BGG Data Warehouse

A data pipeline for collecting, processing, and analyzing BoardGameGeek game data.

Overview

The BGG Data Pipeline is designed to efficiently collect, process, and analyze board game data from BoardGameGeek, with a robust architecture that ensures data integrity and performance.

Latest Features (v0.3.0)

Tracking Tables Architecture ✨ NEW
- Resolved BigQuery streaming buffer limitations with append-only tracking tables
- Separate fetched_responses and processed_responses tables for better audit trails
- INSERT-only operations eliminate UPDATE errors on streaming data
- Improved refresh logic based on fetch timestamps instead of process timestamps
- Comprehensive migration documentation in docs/MIGRATION_TRACKING_TABLES.md
Code Consolidation
- Eliminated duplicate response storage logic across modules
- Unified response handling through BGGResponseFetcher
- Cleaner separation of concerns between fetching and processing
UV Package Manager Integration
- Replaced pip with UV for faster, more reliable package management
- Improved dependency resolution and virtual environment handling
- Enhanced project setup and development workflow
Enhanced Response Handling
- Intelligent processing of game IDs with no response
- Graceful handling of empty or problematic API responses
- Detailed logging and status tracking for API interactions
- Improved error handling and data integrity checks
Cloud Run Integration
- Automated pipeline runs via Cloud Run jobs
- Streamlined deployment process with Cloud Build
- Enhanced environment configuration handling
- Comprehensive GitHub Actions workflows

Components

ID Fetcher (`src/pipeline/fetch_ids.py`)

Retrieves universe of board game IDs from BoardGameGeek
Stores IDs in BigQuery's thing_ids table
Runs as a Cloud Run job in both prod and dev environments

Response Fetcher (`src/pipeline/fetch_responses.py`)
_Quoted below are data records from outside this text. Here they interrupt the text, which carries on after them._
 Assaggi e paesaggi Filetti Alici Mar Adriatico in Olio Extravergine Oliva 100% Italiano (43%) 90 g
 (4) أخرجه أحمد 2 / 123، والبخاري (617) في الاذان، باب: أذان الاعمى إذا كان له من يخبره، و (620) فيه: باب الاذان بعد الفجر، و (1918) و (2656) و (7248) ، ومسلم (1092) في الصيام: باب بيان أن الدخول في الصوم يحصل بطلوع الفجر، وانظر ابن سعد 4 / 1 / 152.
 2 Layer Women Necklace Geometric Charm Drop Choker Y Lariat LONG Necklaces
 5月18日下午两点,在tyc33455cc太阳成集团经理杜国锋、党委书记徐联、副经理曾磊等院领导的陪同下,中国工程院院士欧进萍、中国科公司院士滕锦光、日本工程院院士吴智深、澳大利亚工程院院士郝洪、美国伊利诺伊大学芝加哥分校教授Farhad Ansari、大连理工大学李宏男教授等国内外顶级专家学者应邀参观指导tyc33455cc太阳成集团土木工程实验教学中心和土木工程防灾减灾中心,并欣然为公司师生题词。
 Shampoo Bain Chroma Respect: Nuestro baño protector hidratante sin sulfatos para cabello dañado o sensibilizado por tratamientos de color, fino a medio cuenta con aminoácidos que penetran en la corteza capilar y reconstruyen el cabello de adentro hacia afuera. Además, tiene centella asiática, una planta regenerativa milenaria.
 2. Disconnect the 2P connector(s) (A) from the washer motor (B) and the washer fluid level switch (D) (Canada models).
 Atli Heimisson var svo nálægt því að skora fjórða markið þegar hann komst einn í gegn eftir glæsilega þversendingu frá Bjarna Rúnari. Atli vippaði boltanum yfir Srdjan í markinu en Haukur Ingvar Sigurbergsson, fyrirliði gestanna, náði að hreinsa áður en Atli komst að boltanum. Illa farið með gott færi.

Continuously fetches game data from the BGG API
Stores raw XML responses in BigQuery's raw_responses table
Tracks fetch operations in fetched_responses tracking table
Advanced error handling for various API response scenarios
Handles API rate limiting and retries
Runs as a Cloud Run job in both prod and dev environments
Fetches games in chunks (default 20 games per API call)
Automatically marks game IDs with no response or parsing errors

Response Processor (`src/pipeline/process_responses.py`)
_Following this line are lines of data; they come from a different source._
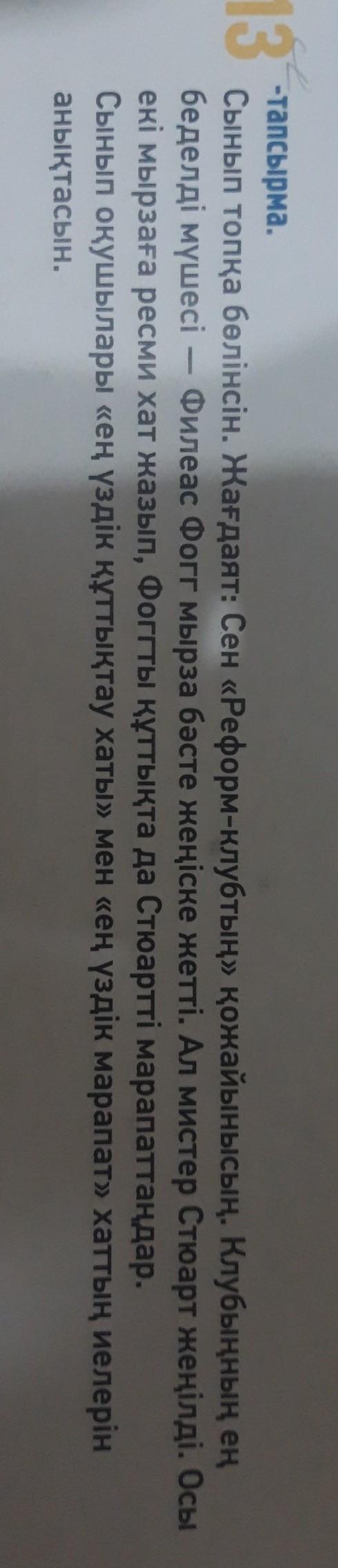 Сынып топқа бөлінсін. Жағдаят: Сен "Реформ клубының "қожайынының.
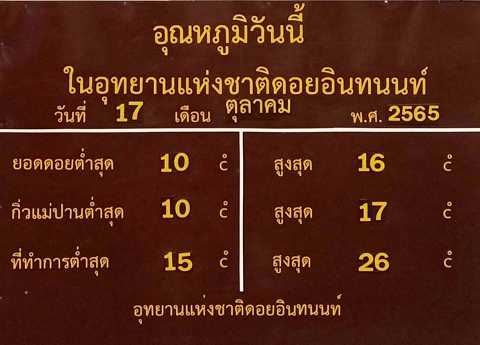 ขณะที่ตามยอดดอยหลายแห่งเช้านี้อุณหภูมิลดลงมาอย่างต่อเนื่อง โดยเฉพาะที่ยอดดอยอินทนนท์ อ.จอมทอง จ.เชียงใหม่ ทางอุทยานแห่งชาติดอยอินทนนท์รายงานสภาพอากาศ และบรรยากาศการท่องเที่ยวมาว่า เช้านี้ทั้งที่ยอดดอยอินทนนท์ และที่กิ่วแม่ปานอุณหภูมลดลงมาอยู่ที่ 10.0 องศาเซลเซียส นักท่องเที่ยวได้สัมผัสอากาศหนาว และชมแสงสีทองของพระอาทิตย์ขึ้นยามเช้าได่อย่างสวยงามเนื่องจากท้องฟ้าเปิดอากาศสดใส และมีแนวโน้มว่าอุณหภูมิจะลดลงได้อกในช่วง 1-2 วันนี้
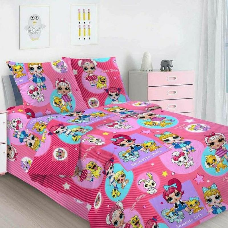 Комплект постельного белья полуторный 150×220 см gold lux бязь, розовый для девочки 1587
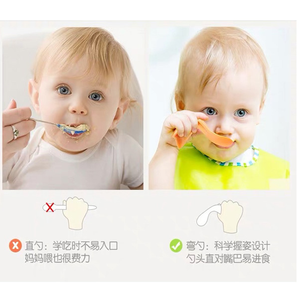 Baby spoon Baby learns to eat training spoon fork elbow less baby curved spoon crooked spoon Children's tableware
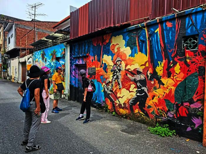 Penulis bersama kumpulannya meneruskan perjalanan menuju ke lorong belakang Jalan Idris, untuk melihat mural kapal korek bijih timah dan kehidupan kampung.
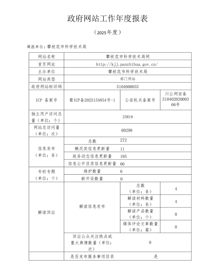 攀枝花市科学技术局网站工作年度报表(2025年度)
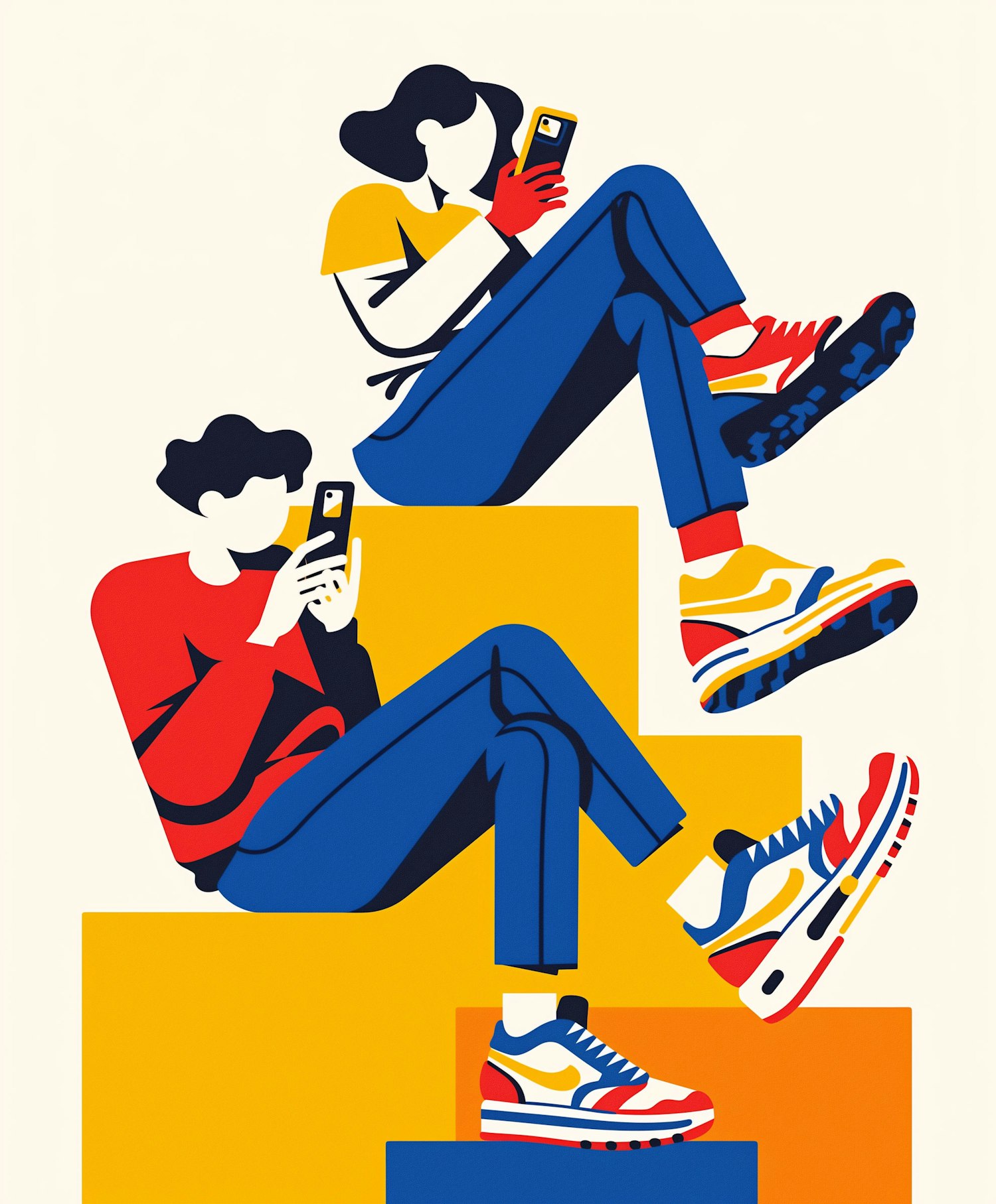 Abstract illustration of two figures on phones, dressed in vibrant colors, sitting on geometric blocks. Modern digital engagement theme.

Processes raw responses into normalized tables
Tracks processing operations in processed_responses tracking table
Robust handling of incomplete or problematic game data
Uses INSERT-only operations to avoid BigQuery streaming buffer conflicts
Runs as a Cloud Run Job
Supports multiple parallel tasks (default 5 concurrent processing jobs)
Handles processing errors without disrupting overall data fetching
Automatically retries failed processing attempts
Scheduled to run every 3 hours
Enhanced logging and status tracking

Game Refresher (`src/pipeline/refresh_games.py`)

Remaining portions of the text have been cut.